Healthcare solutions for Africa by Africa
In a healthcare focused session this year, SAPICS attendees met Stella Kivila, a pharmacist turned health technology consultant and strategic advisor who is working to drive healthcare solutions for Africa created by African innovators. In the panel discussion that she chaired, she introduced two of these innovators - Dr Joseph Paul and Dr Arnaud Pourredon. Paul is a medical doctor and the founder of Dawa Mkononi, a startup in Tanzania. Dawa Mkononi means “medicine in the palm of your hand”, Kivila told the SAPICS audience. Dawa Mkononi’s story started six years ago, when Paul was in a rural village delivering a baby. He needed a drug to accelerate the mom’s labour, but it was not available. He asked the family to go and buy it and they only returned six hours later. Sadly, however, the drug they had bought didn’t work because it was probably counterfeit medicine. This was the catalyst for him to found his startup which is using technology to make safe, effective medicines more accessible to underserved health facilities. Pourredon was a surgeon in Cote d’Ivoire. He left his surgical career to start Meditect because he found it heartbreaking to be unable to purchase malaria treatment for a three-year-old. Meditect, Pourredon’s startup, is equipping thousands of health professionals in pharmacies and drugstores in Francophone Africa with modern, intuitive tools. By increasing the availability of essential medicines, we can increase the life expectancy of people in Africa by 10 years, he said.

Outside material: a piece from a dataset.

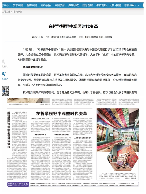 11月2日,由中华全国外国哲学史学会、中国现代外国哲学学会主办,beats365亚洲版承办的“知识变革中的哲学”暨中华全国外国哲学史与中国现代外国哲学学会2025年年会在济南召开。大会旨在立足中国现实,就知识变革与数智时代的哲学、人文学科“危机”中的哲学等研究专题,对时代课题作出哲学回应。中国社会科学报、中国社会科学网以“在哲学视野中观照时代变革”为题对本次会议进行了报道。

Playing is the best way to learn, according to SAPICS 2025 speaker Laurent Vigouroux. The France-based supply chain expert explained that traditional supply chain training often struggles to engage participants and drive real-world results. Gamification and AI are transforming the learning experience, he said. Vigouroux examined the reasons for the phenomenal success of the LEGO-based supply chain game DDBrix, which is earning praise around the world for its success in simplifying complex concepts, fostering collaboration and boosting retention. A recent addition to the game concept is an AI agent that supports learners.